*DATA FOR REVIEW:*
┏━━

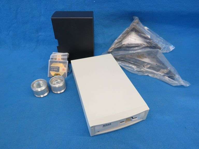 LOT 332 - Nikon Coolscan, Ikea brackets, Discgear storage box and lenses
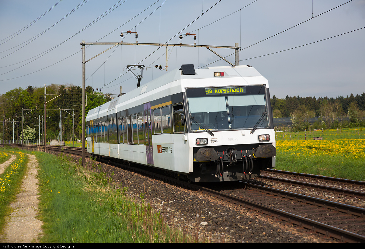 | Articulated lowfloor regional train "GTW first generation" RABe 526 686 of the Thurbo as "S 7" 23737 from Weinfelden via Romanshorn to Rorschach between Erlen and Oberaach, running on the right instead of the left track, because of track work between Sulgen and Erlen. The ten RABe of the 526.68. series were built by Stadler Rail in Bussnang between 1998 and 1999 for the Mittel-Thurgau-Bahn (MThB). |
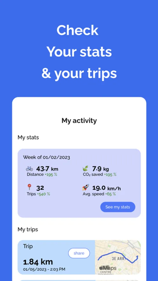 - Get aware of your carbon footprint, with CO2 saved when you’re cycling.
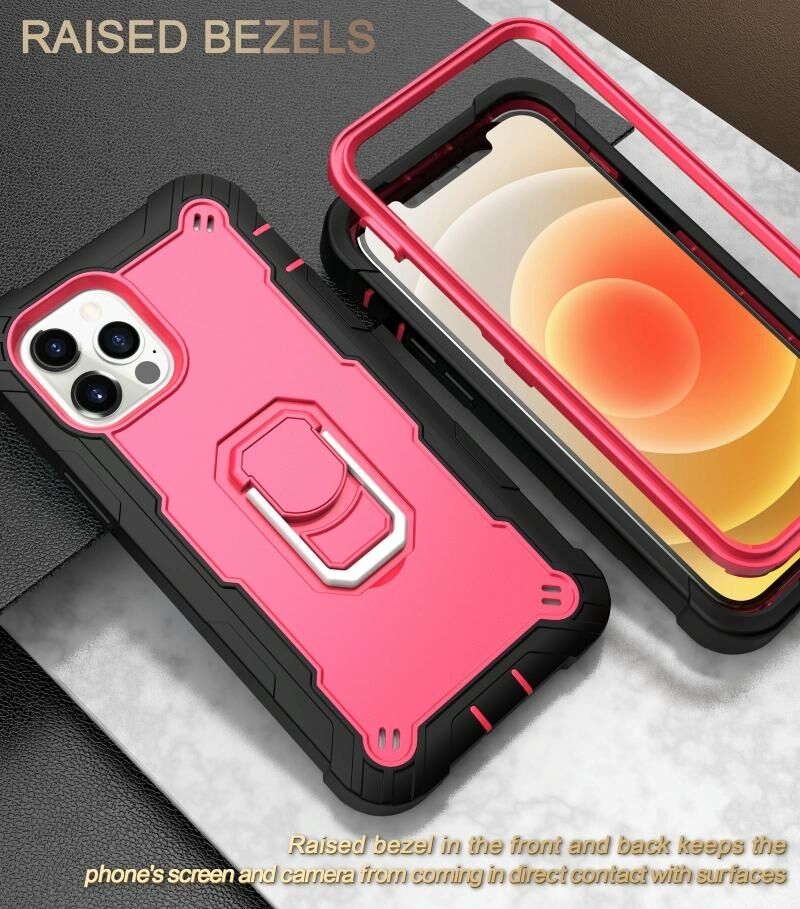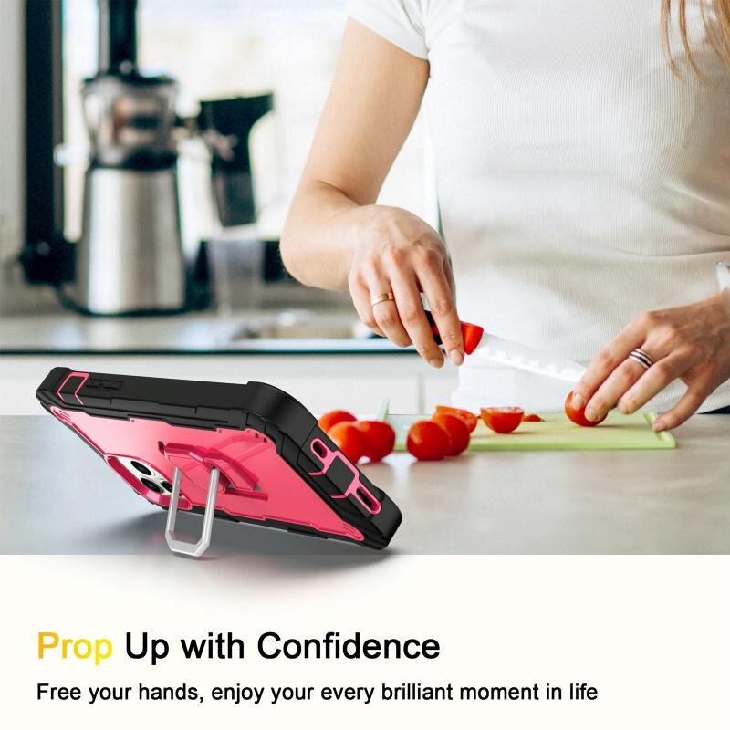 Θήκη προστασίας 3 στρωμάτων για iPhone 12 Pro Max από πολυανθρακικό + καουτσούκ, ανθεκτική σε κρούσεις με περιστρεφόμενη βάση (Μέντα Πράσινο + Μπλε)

┗━━
┏━━

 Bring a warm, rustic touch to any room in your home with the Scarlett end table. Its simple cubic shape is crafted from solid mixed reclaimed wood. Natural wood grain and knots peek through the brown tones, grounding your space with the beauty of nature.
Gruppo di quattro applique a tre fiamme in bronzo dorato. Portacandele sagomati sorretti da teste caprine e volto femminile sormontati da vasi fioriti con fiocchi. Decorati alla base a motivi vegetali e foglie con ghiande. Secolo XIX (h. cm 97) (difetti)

┗━━

*ASSIGNMENT:* What do the lines above say from the one containing "Bring a warm, rustic" down to the one containing "Gruppo di quattro"? Return them exactly, both end lines included, and only them.

*PROBLEM SOLUTION:*
 Bring a warm, rustic touch to any room in your home with the Scarlett end table. Its simple cubic shape is crafted from solid mixed reclaimed wood. Natural wood grain and knots peek through the brown tones, grounding your space with the beauty of nature.
Gruppo di quattro applique a tre fiamme in bronzo dorato. Portacandele sagomati sorretti da teste caprine e volto femminile sormontati da vasi fioriti con fiocchi. Decorati alla base a motivi vegetali e foglie con ghiande. Secolo XIX (h. cm 97) (difetti)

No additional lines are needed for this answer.